Улыбаясь, Берислава выкладывает в форму поверх нарезанного картофеля куски свиной шеи, обильно, как Сигмундур любит, посыпанные перцем. Соли тоже не жалеет, но лишь с левой половины блюда, помеченной веточкой укропа. Такое соленое ей не нравится.

Сыр обильно устилает всю поверхность будущего шедевра. Это блюдо — одно из ее любимых. И Берислава лелеет надежду, что даже если Сигмундур не влюбится в него до потери памяти, то его определенно удастся порадовать. После вчерашней волшебной ночи — и позавчерашней, и всех прежних, до нее — ей уж хочется отплатить ему тем же. Позаботиться.

В своих фантазиях, нарезая лук, девушка вдруг касается одного маленького колечка взглядом. Белого, словно бы из белого золота, с зеленоватым оттенком потемневшей бронзы. Сама себе смущенно хихикает, надевая его на безымянный палец.

Госпожа Берислава Олафсон.

Кажется, именно такое второе имя, оно же фамилия, оно же отчество у Сигмундура. Хотя он за это время, конечно же, мало говорил о родителях.

Девушка снимает кольцо лука, откладывая его в сторону. Вряд ли он на ней женится. Что ему мешает жить так? Да и семейный опыт явно к этому не располагает. Как эти люди могли быть столь жестоки к маленькому мальчику? Бросить его… одного… с мышами.

У Бериславы железными путами стягивает сердце. Ей трудно дышать.

Сигмундур огромен, силен, наделен нечеловеческой мощью и без труда может размазать по стенке одним пальцем. Но внутри он нежен и доверчив, податлив, как ребенок. У него замечательная душа, сколько бы брони не пытался навешать сверху. Ей видно. Она чувствует. И благодарна ему настолько, насколько не хватает слов, что позволяет ей эту душу видеть…

Женится…

Не женится…

Какая разница? Она выбрала, где и с кем хочет жить. Это приоритетно.

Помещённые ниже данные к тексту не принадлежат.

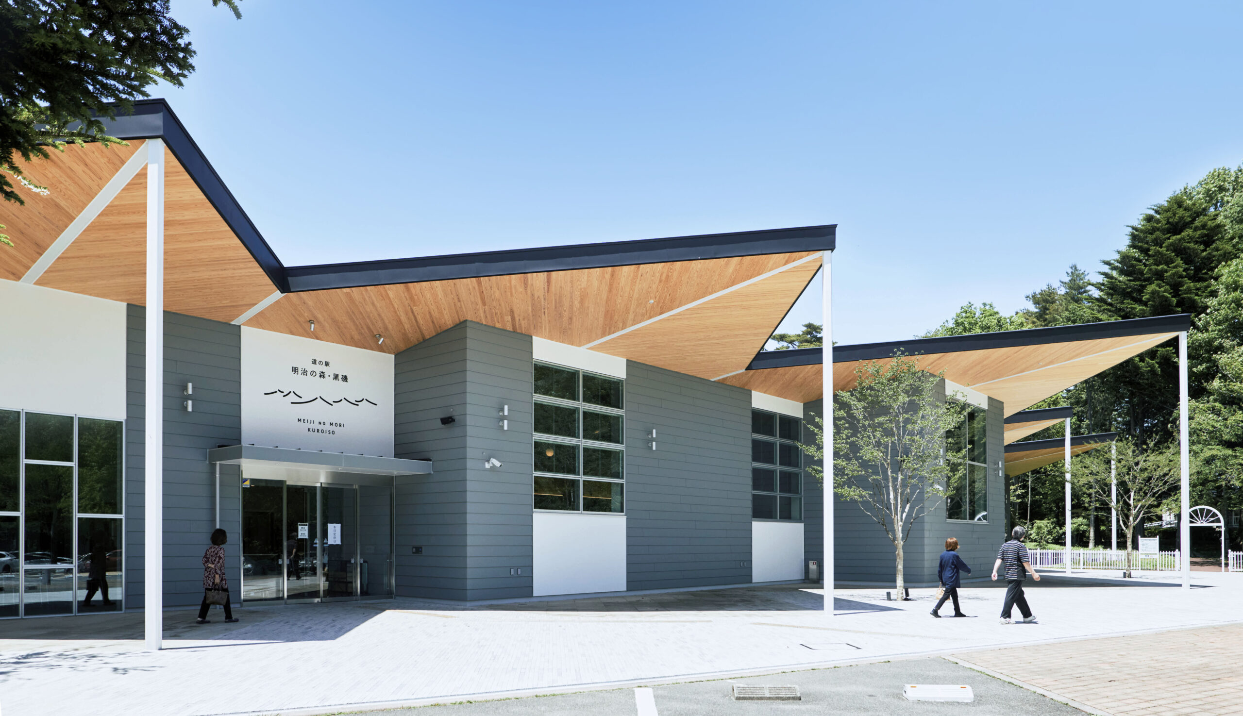 那須塩原の「食」「農」「観光」が集う場として、地域のシンボル的な拠点となるよう、那須五峰の山並みをモチーフとした大屋根を設けた。山々に抱擁された那須野が原の様々な魅力が大屋根の下に集い、地域の新たな発信拠点となる。皆々を招き入れるように、大きく開かれた庇は白い柱によって支えられ、屋外スペースの滞留を生むと共に、内部へと影をつくり夏の日差しから農産物を守る

Так что, бросив обрезков мяса Кьярваллю, верно ждущему у ее ног, Берислава ставит блюдо в духовку. Старенькую, конечно, но пока работающую исправно.

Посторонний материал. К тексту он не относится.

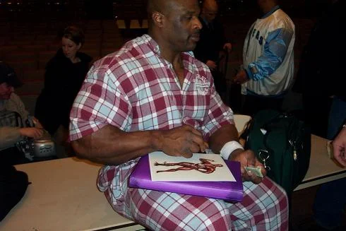 Colemannihan on pirun vahva bodariksi. Ainakin siinä vanhassa videossaan veti maasta 760 lbs x 4 ja 800 lbs x 2 (thx SUBSTNCE). Painaa muistaakseni jotain 120kg kisoissa ja off-seasonil 145kg, ja pituutta 183cm. Rasvaprossast ei mitään hajua.

На улице уже потемнело, девять вечера, и совсем скоро, согласно плану, ее Большой кит будет дома. Сегодня он обещал прийти в десять.

Девушка возвращается в гостиную. Достает с полки ту книжку, что давно рассматривала, желая прочитать. «Китобойный промысел в веках и его подводные камни. Третье издание». Хоть Бериславе и немного страшновато, она желает приобщиться к этой теме. В конце концов, с этим человеком она живет. А сам он не спешит рассказывать о своей работе.

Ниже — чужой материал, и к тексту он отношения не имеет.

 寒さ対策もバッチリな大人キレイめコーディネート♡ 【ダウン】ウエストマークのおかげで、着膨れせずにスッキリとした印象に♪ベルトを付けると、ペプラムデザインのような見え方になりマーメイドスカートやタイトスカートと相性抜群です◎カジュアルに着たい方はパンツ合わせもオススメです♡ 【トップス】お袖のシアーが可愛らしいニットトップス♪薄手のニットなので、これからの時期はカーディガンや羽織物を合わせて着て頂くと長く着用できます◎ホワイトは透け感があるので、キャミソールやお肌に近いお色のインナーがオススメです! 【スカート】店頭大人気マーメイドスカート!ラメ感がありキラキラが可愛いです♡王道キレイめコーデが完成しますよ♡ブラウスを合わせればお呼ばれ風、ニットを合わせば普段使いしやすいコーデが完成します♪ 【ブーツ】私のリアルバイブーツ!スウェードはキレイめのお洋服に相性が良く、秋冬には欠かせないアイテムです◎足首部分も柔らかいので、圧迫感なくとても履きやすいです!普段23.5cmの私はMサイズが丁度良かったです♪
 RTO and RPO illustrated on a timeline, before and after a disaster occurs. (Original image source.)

…Средние века. Охота на кита, как коллективная, так и индивидуальная, велась следующим способом. Увидев в море кита, охотник в байдарке осторожно приближался к нему сзади как можно ближе, бросал копье, наконечник которого был смазан растительным ядом — аконитом и быстро отплывал прочь. Раненый кит через два-три дня умирал, и тело его выбрасывало на ближайший берег. Охота на гиганта моря требовала большой смелости, ловкости и умения. Охотники на китов были самыми почетными людьми в селении.

XIX век. Для ранних китобоев гарпун не служил орудием убийства, он использовался для прицепления к киту линя (веревки). Метал гарпун профессиональный гарпунщик, стоя на носу гребной шлюпки и упершись коленом в специальный вырез на банке. Дождавшись, пока расстояние между лодкой и китом сократится до шести метров, гарпунщик бросал в жертву гарпун. На конце гарпуна закреплялась веревка в 150 саженей (275 м) длиной, пропитанная животным жиром (чтобы лучше «травиться»), аккуратно смотанная и уложенная в большой чан между скамьями для гребцов. Кроме того, веревку регулярно поливали водой, чтобы при разматывании та не загорелась от трения.

Когда вся веревка вытягивалась, китобоев ждало «нантакетское катание на санях». Это когда загарпуненный кит тащит судно со скоростью 42 км/ч — быстрее в те годы человек по воде передвигаться просто не мог.

Проходило много часов, прежде чем кит наконец выбивался из сил и лодка подходила к нему поближе. Вот тогда-то место гарпунщика занимал капитан или его помощник и наносил жертве смертельный удар копьем.

Ремесло гарпунщика считалось настолько опасным, что норвежцы допускали к нему лишь неженатых мужчин. Все изменилось в 1868 г., когда норвежский инженер Свен Фойн придумал гарпунную пушку. Разрывная граната на конце гарпуна — вот она-то действительно убивала кита, а саму пушку теперь можно было ставить хоть на палубе больших паросиловых судов. Это была революция в китобойном промысле: гарпунная пушка Фойна сделала возможной охоту на более быстрых и более мощных китов, таких как финвалы.

Наше время. Гарпунная пушка, столь незаменимая на китобойном судне — основной инструмент забивания китов. Как правило, доверяется капитану судна или его главному помощнику. Не требует особых силовых затрат и обеспечивает быструю смерть животного, сохраняя человеческие жизни. Алгоритм действий не меняется с девятнадцатого века. Разве что корабли теперь куда проворнее и сильнее и сами, в случае необходимости, прикрепив плавники кита к бортам, буксируют тушу на берег. Квоты на добычу китов в Гренландии — 170 особей в год.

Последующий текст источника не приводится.